The inspectors reviewed eight corrective action documents (Smart Forms) which dealt with inservice inspection activities and found that the corrective actions were appropriate. From this review the inspectors concluded that the licensee had an appropriate threshold for entering issues into the corrective action program and has procedures that direct a root cause evaluation when necessary. The licensee also had an effective program for applying industry operating experience.
b. Findings
No findings of significance were identified.
.2 Steam Generator and Reactor Vessel Head Replacement Inspection (50001, 71007)
a. Inspection Scope
The inspectors reviewed a sample of the problems identified and documented in the licensees corrective action program for appropriateness of the corrective actions. The inspector reviewed over eighty corrective action documents which were related to the steam generator and reactor vessel head replacement project and found that the corrective actions were appropriate. The review concluded that the licensee had an appropriate threshold for entering issues into the corrective action program and has procedures that deal with resolution of the issues, even directing a root cause evaluation if necessary. The inspectors also attended numerous contractor overview meetings,
that discussed issues identified in the contractors corrective action program, to ensure that items were entered into the licensees corrective action program as necessary. The inspectors also determined that the licensee effectively sought and implemented industry operating experience.
b. Findings
No findings of significance were identified.
4OA5 Other Activities
.1 Steam Generator Replacement Inspection
Design and Planning Inspections (Section 02.02)
a. Inspection Scope
The inspectors used the guidance in Inspection Procedure 50001, Steam Generator Replacement Inspection, Section 02.02, and inspection procedures referenced therein, to perform the steam generator removal and replacement activities listed below.
Engineering and Technical Support The inspection activities specified by Section 02.02.a, Steam Generator Removal and Replacement Inspections, were accomplished in accordance with Inspection Procedures 71111.02, Evaluation of Changes, Tests, or Experiments, and 71111.17, Permanent Plant Modifications. These inspections are documented in Sections 1R02 and 1R17 of this inspection report.
Lifting and Rigging In accordance with Section 02.02.b, the inspectors reviewed the applicable engineering design, modification, and analysis associated with steam generator lifting and rigging including:
- (1) crane and rigging equipment,
- (2) steam generator component drop analysis,
- (3) safe load paths, and
- (4) load lay-down areas. The inspection focused on the impact of load handling activities on reactor core or spent fuel and its cooling, and plant support systems for Unit 1 and common systems for the operation of Unit 2.

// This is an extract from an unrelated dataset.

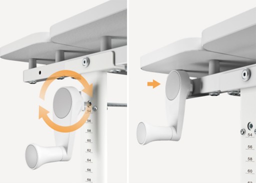 - Wyposażone w odłączoną korbę do regulacji wysokości w zakresie od 54 do 76 cm

Radiation Protection In accordance with Section 02.02.c, the inspectors reviewed radiation protection program controls, planning, and preparation in:
- (1) as low as reasonably achievable planning,
- (2) dose estimates and tracking,
- (3) exposure and contamination controls,
- (4) radioactive material management,
- (5) radiological work plans and controls,
- (6) emergency contingencies, and
- (7) project staffing and training plans. The results are documented in Sections 2OS1 and 2OS2 above, as well as in NRC Inspection Report 05000445;446/2007003, Sections 2OS1 and 2OS2.
Security Considerations and Adverse Impact to the Other Unit In accordance with Section 02.02.d, the inspectors interviewed security specialists and officers specifically assigned to the steam generator and reactor vessel head replacement project. The inspectors also made frequent observations of security practices during all stages of the project to verify vital and protected barriers were not affected or compromised. The inspectors also reviewed impacts to Unit 2 (operating unit) stemming from the replacement project as activities and schedules changed.
b. Findings
No findings of significance were identified.
Steam Generator Removal and Replacement Inspections (Section 02.03)
a. Inspection Scope
The inspectors used the guidance in Inspection Procedure 50001, Section 02.03, and inspection procedures referenced therein, to perform the steam generator removal and replacement activities listed below.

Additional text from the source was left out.